A subtle edge case occurs when all characters in the string are equal, for example "aaaa". The naive approach might try to find the “smallest” character to remove, but every character is the same. Another edge case is when the string is strictly decreasing or strictly increasing. For instance, "abcd" produces a different sequence than "dcba" even though both have length four. In these situations, it is easy to miscalculate the cumulative positions in the concatenation.
Approaches
The brute-force approach is straightforward. You start with the original string and repeatedly remove the character that makes the string lexicographically smallest. After each removal, you append the new string to the result. Finally, you return the character at the given position. This approach is correct because it follows the problem rules exactly. The problem is its complexity: for a string of length n, building each of the n strings costs O(n) in the worst case, and there are n strings. That leads to O(n²) time per test case. With n up to 10^6, this is unworkable.
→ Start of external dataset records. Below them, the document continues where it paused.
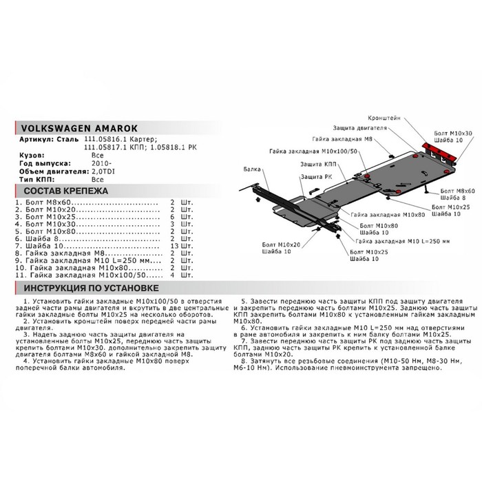 Защита РК АвтоБРОНЯ для Volkswagen Amarok (V - 2.0d) 2010-2016, крепеж в комплекте, сталь, 2 мм, 111.05818.1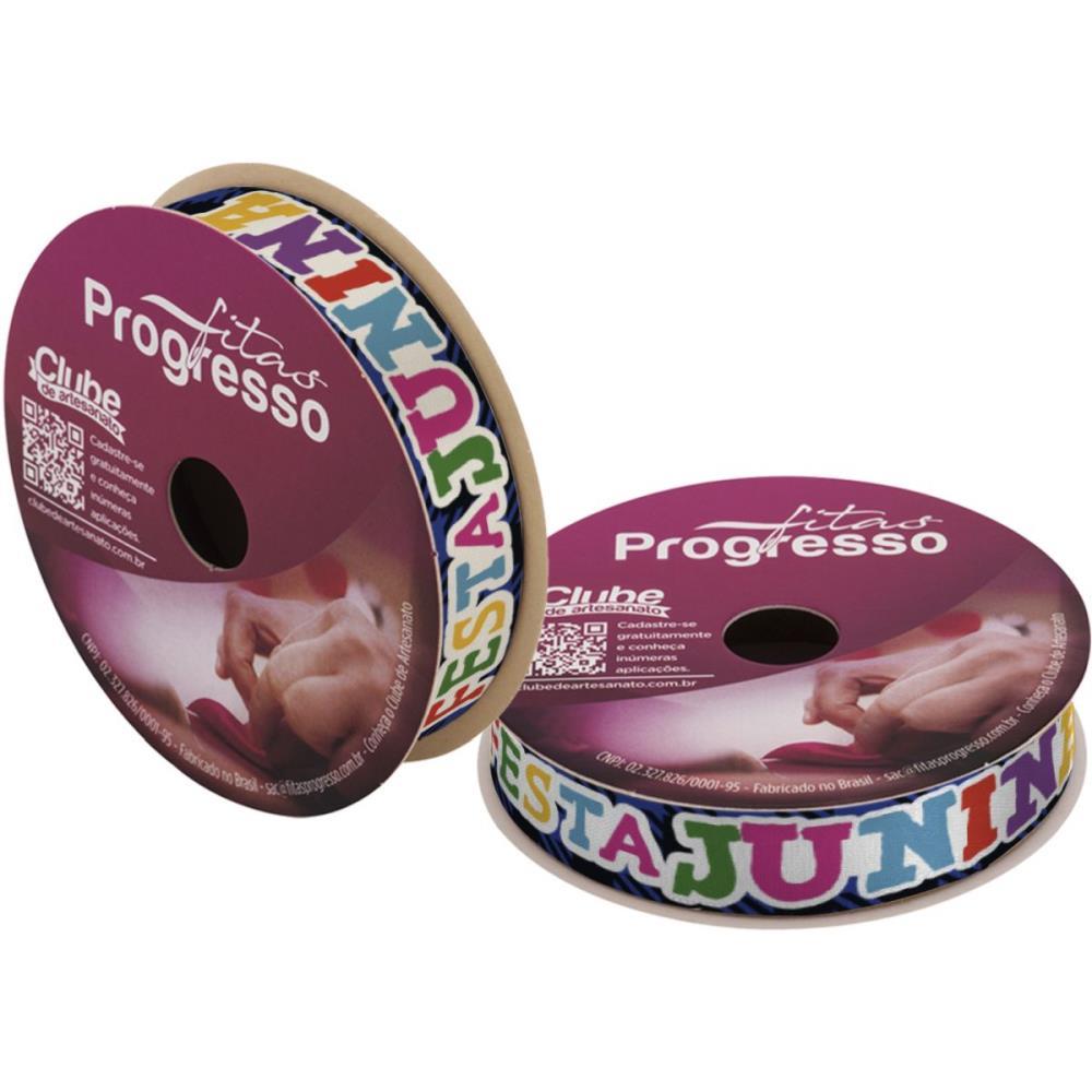 Festa Junina Fita Cetim 15mmx10metros. Frases Azul - Fitas Progresso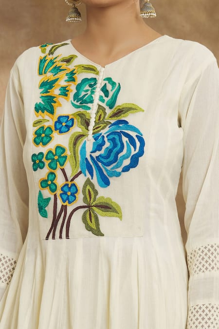 Cream anarkali featuring floral embroidery on the yoke and lace patch work

The key insight comes from noticing that we do not actually need to construct the strings or the concatenation. We only need to know the order in which characters appear in the final concatenation. Because each string is formed by removing one character to make the result minimal, the first character removed is always the leftmost character that is bigger than some character to its right. Conceptually, this is equivalent to computing a lexicographically minimal subsequence by always removing the “first peak.” Once we know the order in which characters are removed, we can compute the cumulative lengths of the strings and directly index into the desired position. This reduces the problem to a single linear scan of the string using a stack, which gives us the sequence of characters in the correct order without ever forming intermediate strings.
| Approach | Time Complexity | Space Complexity | Verdict |
|---|---|---|---|
| Brute Force | O(n²) | O(n²) | Too slow |
| Optimal | O(n) | O(n) | Accepted |
Algorithm Walkthrough
- Read the input string and the position
pos. - Initialize an empty stack. This stack will store the characters of the current minimal string while we traverse the original string.
- Iterate over each character of the string. While the stack is non-empty and the top character of the stack is greater than the current character, pop the stack. This ensures that the remaining characters in the stack are always in increasing lexicographical order from bottom to top.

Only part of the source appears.